No, no HU FCJ is not a Hungarian Football Club, but the acronym stands for the Faculty of Communication and Journalism (FCJ) of the Utrecht College (HU). Yesterday I was present at the Experts’ Day, a special day for the students who are involved in projects during their third and fourth year. The school has three streams: digital communication, communication management and journalism. The students from the digital communication stream are not educated to be designers, but all-round project managers and marketers.

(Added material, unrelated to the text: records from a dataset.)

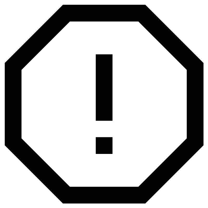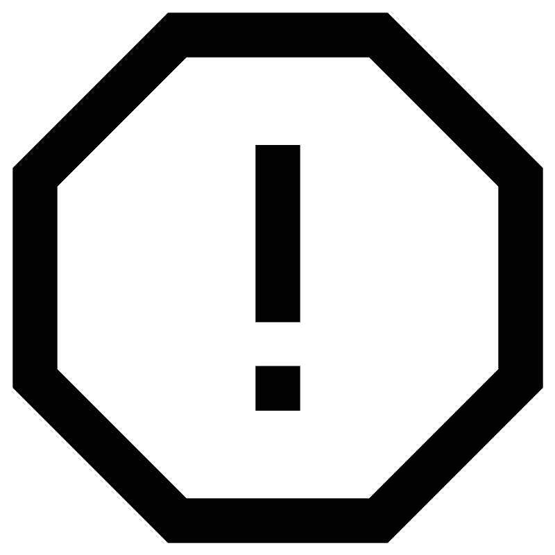 <svg width="800px" height="800px" viewBox="0 0 24 24" id="Layer_1" data-name="Layer 1" xmlns="http://www.w3.org/2000/svg"><defs><style>.cls-1{fill:none;stroke:#020202;stroke-miterlimit:10;stroke-width:1.91px;}</style></defs><polygon class="cls-1" points="16.35 1.5 7.65 1.5 1.5 7.65 1.5 16.35 7.65 22.5 16.35 22.5 22.5 16.35 22.5 7.65 16.35 1.5"/><line class="cls-1" x1="12" y1="6.27" x2="12" y2="13.91"/><line class="cls-1" x1="12" y1="15.82" x2="12" y2="17.73"/></svg>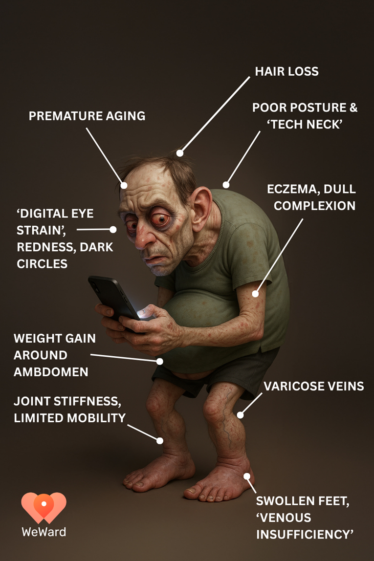 Kako bi ilustrirali moguće posljedice, tim koji stoji iza aplikacije za hodanje WeWard iskoristio je umjetnu inteligenciju za stvaranje Sama – modela čovjeka iz 2050. godine čiji je život obilježen gledanjem u ekran. Njegove glavne karakteristike su gubitak kose, nakupljanje masnoće oko trbuha, ukočeni zglobovi zbog slabe pokretljivosti i izrazito loše držanje.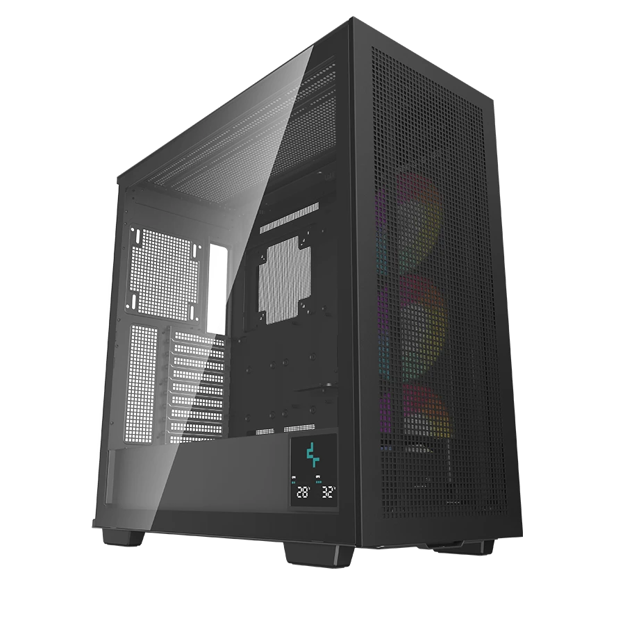 نمایشگر داخلی دوگانه به شما اجازه میدهد وضعیت پردازنده و کارت گرافیک را بهصورت زنده مشاهده کنید. با نصب یک اپلیکیشن ساده و اتصال به پورت USB 2.0، این قابلیت بهراحتی فعال میشود. در پنل جلویی نیز چهار پورت USB 3.0، یک پورت Type-C نسل دوم، ورودی صوتی و دکمه تنظیم ARGB تعبیه شده است.

The program started off with a brain storm. A marketing employee of the Dutch ING bank, Rutger Hamelynck, told the audience that the bank is sponsoring the Rijksmuseum, which houses Rembrandt van Rijn’s famous painting The Night Watch. In this framework the bank is looking for ideas to run touch screen information sets in some of their bank shops and at the Amsterdam airport Schiphol. The project has been dubbed the digital guestbook, but this was just one idea.
(Photograph by Hasan Yilmaz)
Within three quarters of the hour I registered more than 25 ideas, ranging from a variation on the Da Vinci Code to a Rembrandt code, an MSN avatar or an MSN bot, e-ticketing routine for full service such as transport tickets and transport information as well as service after the visit to the museum, an exhibition of the masters interspersed with painting from amateurs. Have a picture taken with a visitor in a painting like The Night Watch and send it by e-mail to friends back home. Organise a tour through the museum for young people with the famous Dutch rapper Ali B. In several groups the idea came up of Pimping my Rembrandt.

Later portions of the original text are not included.